No, he told himself sternly. He wasn't. There was Karrell. He loved her. The need to rescue her burned in him, not just to rescue her, but to save the children he'd fathered. They mattered to him.

The fact remained that he was part yuan-ti. He couldn't deny it any longer, even to himself. It explained so much: why it felt so natural to morph into a flying snake, why his psionics were so powerful. Yuan-ti had a number of inborn magical abilities that mimicked psionic powers. Their ability to charm humans, for example. That was one of the first powers Arvin had learned. It had just come naturally to him.

Because he had yuan-ti blood.

He squared his shoulders. So what, he told himself. It doesn't change anything. I'm still the person I've always been. I just understand myself a little better now.

He turned, saw Ts'ikil watching him. "Were you listening to my thoughts?"

No.

"Thank you." He stood. "Tell me about the Circled Serpent. If I'm going after the Dmetrio-seed, I'll need to know as much about it as he does."

It is ancient-it was made at the height of the Mhairshaulk Empire. It was one of several keys, the rest of which have been lost in the intervening millennia. The sarrukh, creators of the yuan-ti and other reptilian races, erected a series of gates to other planes of existence. The keys could be used to open any of them.

"How?"

Ts'ikil ignored the question. You think you can survive in Smaragd.

"Karrell has for six months, pregnant and alone." Not alone. Karrell is one of the k'aaxlaat. Ubtao watches over her.

"Even in Smaragd?"

Even there. Ts'ikil's eyes bored into Arvin's. You, on the other hand, have yet to choose a god.

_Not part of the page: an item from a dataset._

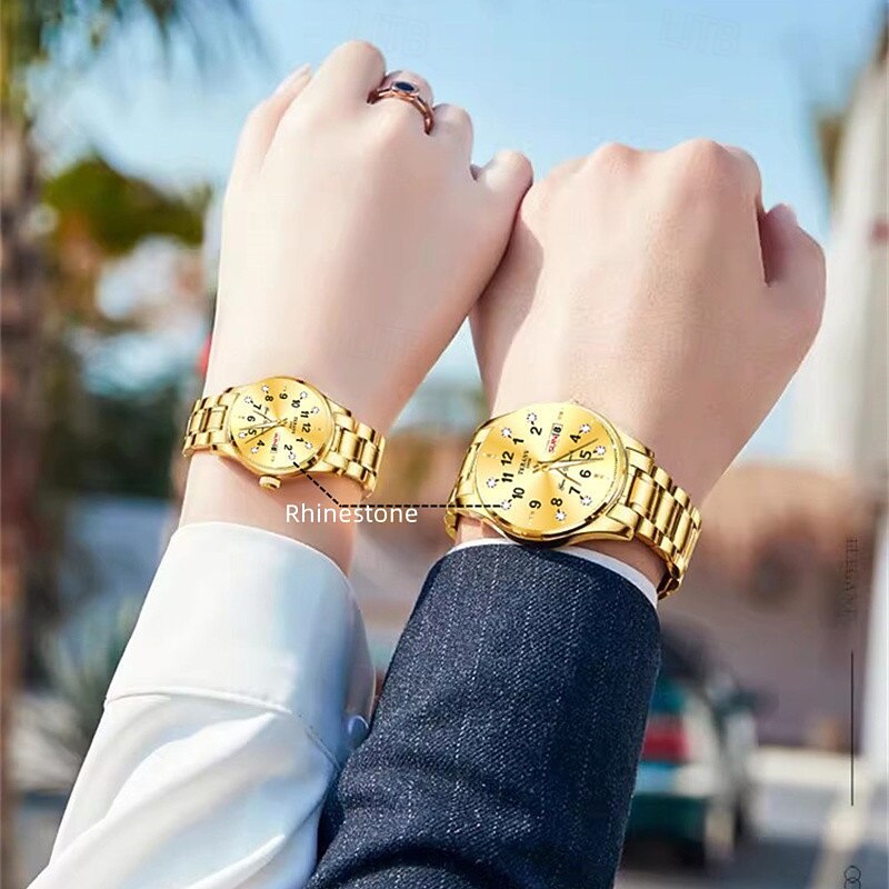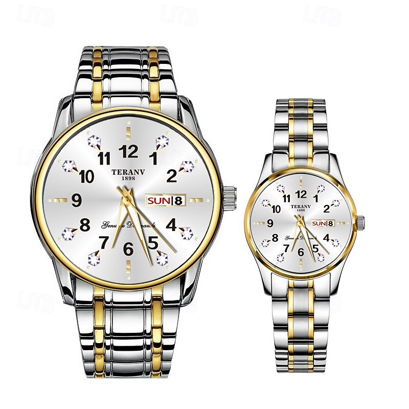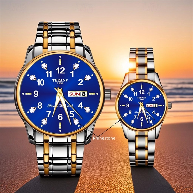2-Piece Couple Quartz Watch Set – Round Digital Dial, IPX7 Waterproof, Luminous Hands, Dual Calendar (Date & Day), Alloy Band, Unisex Business Style, Ideal for Dating & Gifts 13

Arvin touched the crystal at his throat. "I worship Tymora."

When it suits you.

"That's as much as most mortals can say."

That is true, but the fact remains: you are not a cleric. You will have no protection in Smaragd.

It took Arvin a moment to realize what Ts'ikil had just said. Hope surged through him. "You… you're going to let me do it, aren't you? Enter Smaragd." He tilted his head. "What changed your mind?"

I have not changed my mind. The Circled Serpent must be destroyed. A key that can release Dendar-that can bring about the destruction of this world-can not be permitted to remain in existence. She lifted her unbroken wing. Feathers hung from it in tatters. I am injured; my part in this has diminished.